T.A.R. Veneto, Sez. II n. 86 del 19 maggio 2011
Urbanistica. Distanze legali

L'obbligo di rispettare le distanze legali - previste dagli strumenti urbanistici per le costruzioni legittime non soltanto a tutela dei proprietari frontisti ma anche per finalità di pubblico interesse - deve essere osservato a maggior ragione nel caso di costruzioni abusive, sicché in sede di esame delle istanze di sanatoria (i cui effetti sono limitati al campo pubblicistico e non pregiudicano i diritti dei terzi) la violazione delle distanze legittimamente ne comporta il diniego con conseguente necessità di disporre e procedere all'abbattimento o alla riduzione a distanza legale della costruzione illegittima.

N. 00861/2011 REG.PROV.COLL.
N. 01856/2009 REG.RIC.



REPUBBLICA ITALIANA
IN NOME DEL POPOLO ITALIANO


Il Tribunale Amministrativo Regionale per il Veneto

(Sezione Seconda)


ha pronunciato la presente


SENTENZA


sul ricorso numero di registro generale 1856 del 2009, proposto da Rosa Calcabrini, rappresentata e difesa dall’Avv. Prof. Mario Sanino e dagli Avv. Carlo Celani ed Enrico Vedova, con domicilio eletto presso lo studio di quest’ultimo in Venezia, Mestre, Piazza Ferretto, n.68;

contro


il Comune di Cortina D'Ampezzo, in persona del Sindaco pro tempore, rappresentato e difeso dagli avv. Maurizio Paniz e Franco Stivanello Gussoni, con domicilio eletto presso lo studio di quest’ultimo, in Venezia, Dorsoduro, 3593;

per l'annullamento

del provvedimento prot. n. 11827/09 – UT del 22 giugno 2009, recante diniego di permesso di costruire in sanatoria per la realizzazione di una baracca pertinenziale in legno;

di ogni altro atto annesso, connesso, presupposto ovvero consequenziale, compreso il parere reso dalla Commissione edilizia nella seduta del 10 marzo 2009;

Visti il ricorso e i relativi allegati;
Visto l'atto di costituzione in giudizio del Comune di Cortina D'Ampezzo;
Viste le memorie difensive;
Visti tutti gli atti della causa;

Relatore nell'udienza pubblica del giorno 6 aprile 2011 la dott.ssa Brunella Bruno e uditi per le parti i difensori Vedova per la parte ricorrente e Maraviglia in sostituzione di Stivanello per il Comune intimato;

Ritenuto e considerato in fatto e diritto quanto segue.


FATTO


Con ricorso iscritto al n. 1856 del 2009 Rosa Calcabrini – comproprietaria della porzione di un immobile sito nel Comune di Cortina d’Ampezzo, in località Alverà – ha agito in giudizio per l’annullamento del provvedimento, prot. n. 11827/09 – UT del 22 giugno 2009, con il quale l’amministrazione comunale ha rigettato la domanda di permesso di costruire in sanatoria avente ad oggetto un manufatto in legno nonché di ogni altro atto annesso, connesso, presupposto ovvero consequenziale, compreso il parere reso dalla Commissione edilizia nella seduta del 10 marzo 2009.
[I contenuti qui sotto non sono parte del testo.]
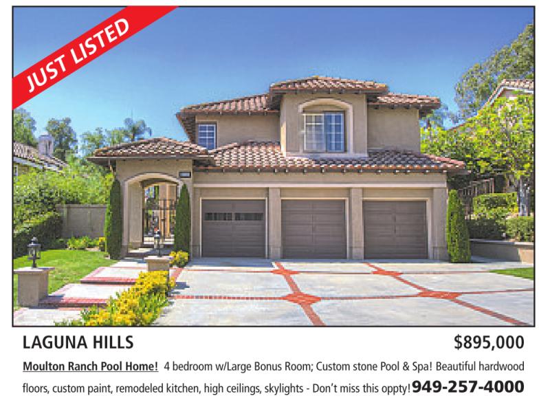 Moulton Ranch Pool Home! 4bedroom w/Large Bonus Room; Custom stone Pool &Spa! Beautiful hardwood floors,custom paint, remodeled kitchen, high ceilings,skylights -Don’t miss this oppty!949-257-4000

La difesa della ricorrente rappresenta, in particolare, che il manufatto de quo, adibito a ricovero attrezzi e deposito, insiste da tempo in prossimità dell’unità immobiliare suddetta e che, a seguito della notificazione, in data 19 novembre 2008, dell’ordinanza con la quale l’amministrazione comunale ne ha ingiunto la demolizione, ha presentato, in data 20 gennaio 2009, un’istanza di sanatoria (all. 2 e 3 delle produzioni documentali di parte ricorrente).

Nello specifico, emerge dalla stessa domanda di sanatoria suddetta, che l’odierna ricorrente ha richiesto la demolizione del manufatto esistente e la ricostruzione della struttura, rappresentando, peraltro, che, con atto depositato in data 14 dicembre 2008 presso il Tribunale di Belluno, sezione staccata di Piave di Cadore, ha agito per “la costituzione, per usucapione, della servitù di distanza del fondo individuato nel mappale n.5498/2 fg. 58 nei confronti del fondo individuato con la particella fondiaria n. 5497/4 fg. 8”.

L’amministrazione comunale ha rigettato, con il provvedimento gravato, la suddetta istanza in quanto, essendo il manufatto “posto a confine della adiacente proprietà non rispetta la distanza prevista dalle NTA di PRG art. 7” nonché in considerazione dell’inammissibilità di una domanda che consenta la sanatoria attraverso la demolizione e successiva ricostruzione delle opere abusive.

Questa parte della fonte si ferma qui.